Two men have been found guilty of misleading investors in an scheme which lost more than 300 people in excess of £1.4m.
In a case brought by the Financial Conduct Authority (FCA), Samrat Bhandari and Muhammad Aleem Mirza were yesterday charged with a number of offences including misleading investors and participating in regulated financial activities without authorisation.
Bhandari and Mirza will join brothers Paul and Michael Moore, who pleaded guilty for offences relating to the same scheme at an earlier hearing, in being sentenced later in December.
“Misleading financial promotions relating to investment schemes cause untold harm to consumers,” said Mark Steward, Director of Enforcement and Market Oversight at the FCA.
“The FCA is determined to ensure those who are involved in setting up and operating schemes like this one, without FCA authorisation, are identified and held to account to the fullest extent permitted by law.”
Between 2009 and early 2014, brokers including the Moore brothers cold-called investors – many of whom were vulnerable, retired people – and mis-sold them shares in a company called Symbiosis Healthcare.
Symbiosis was in fact set up by Mirza, a medical doctor, to provide “healthcare solutions”. Bhandari, as a director of corporate adviser William Albert Securities Ltd, organised the selling of the shares.
The investors were promised large profits, and “extravagant” claims were made about the investment opportunity in operating and expanding a network of clinics in Dubai and elsewhere.

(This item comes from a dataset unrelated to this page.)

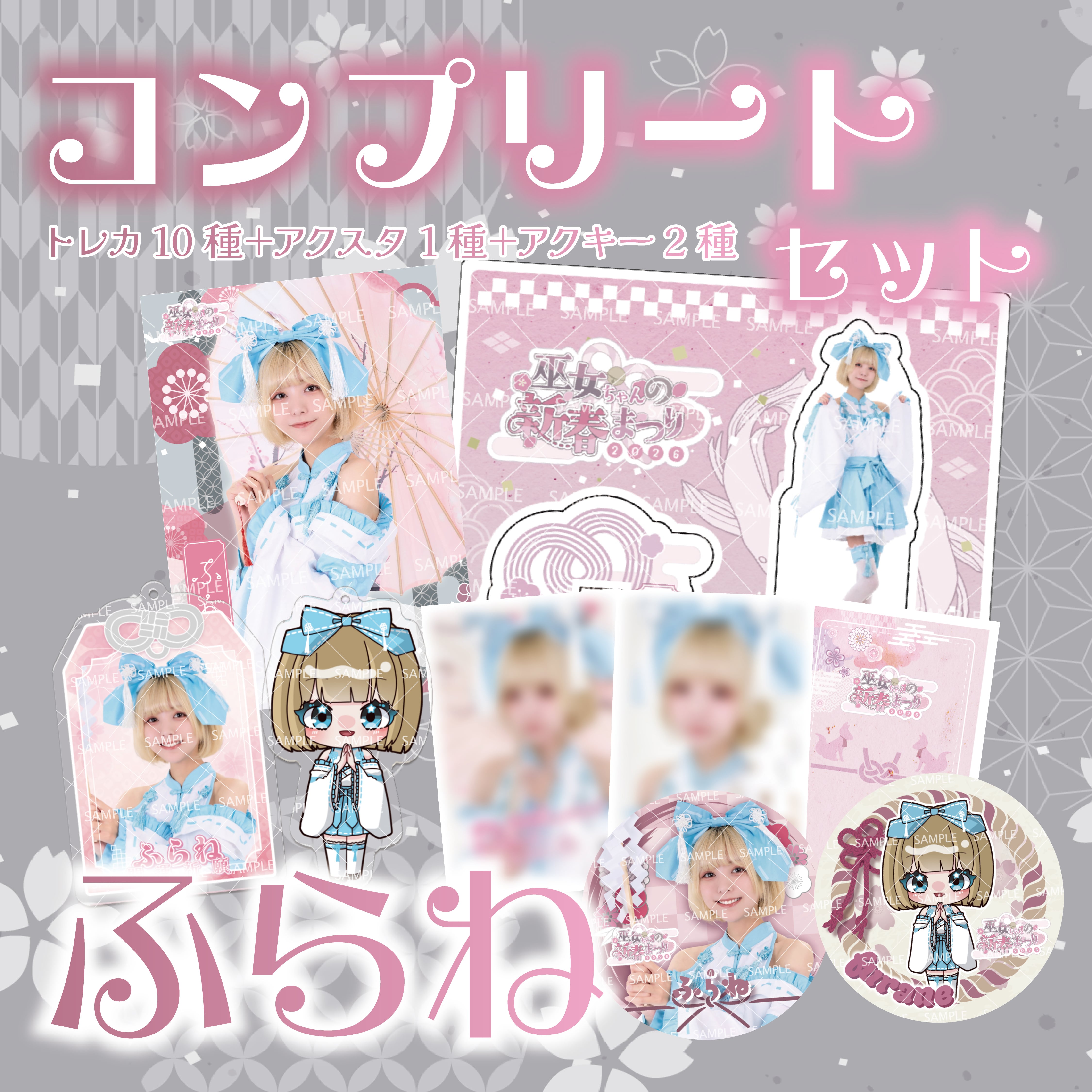 「巫女ちゃんの新春まつり」のブロマイド1種・アクリルスタンド1個・イラストアクリルキーホルダー1個・実写アクリルキーホルダー1個・トレカ全10種・缶バッジ2種のセット商品です。

More than 300 people invested around £1.4m, but the shares were effectively worthless. The FCA said each of the defendants “played an instrumental role in the systematic and prolonged misleading of investors” face-to-face, on the phone and through annual general meetings, as well as by publishing material on behalf of Symbiosis.
Another defendant, Albene Mendy who worked for William Albert Securities, was found not guilty.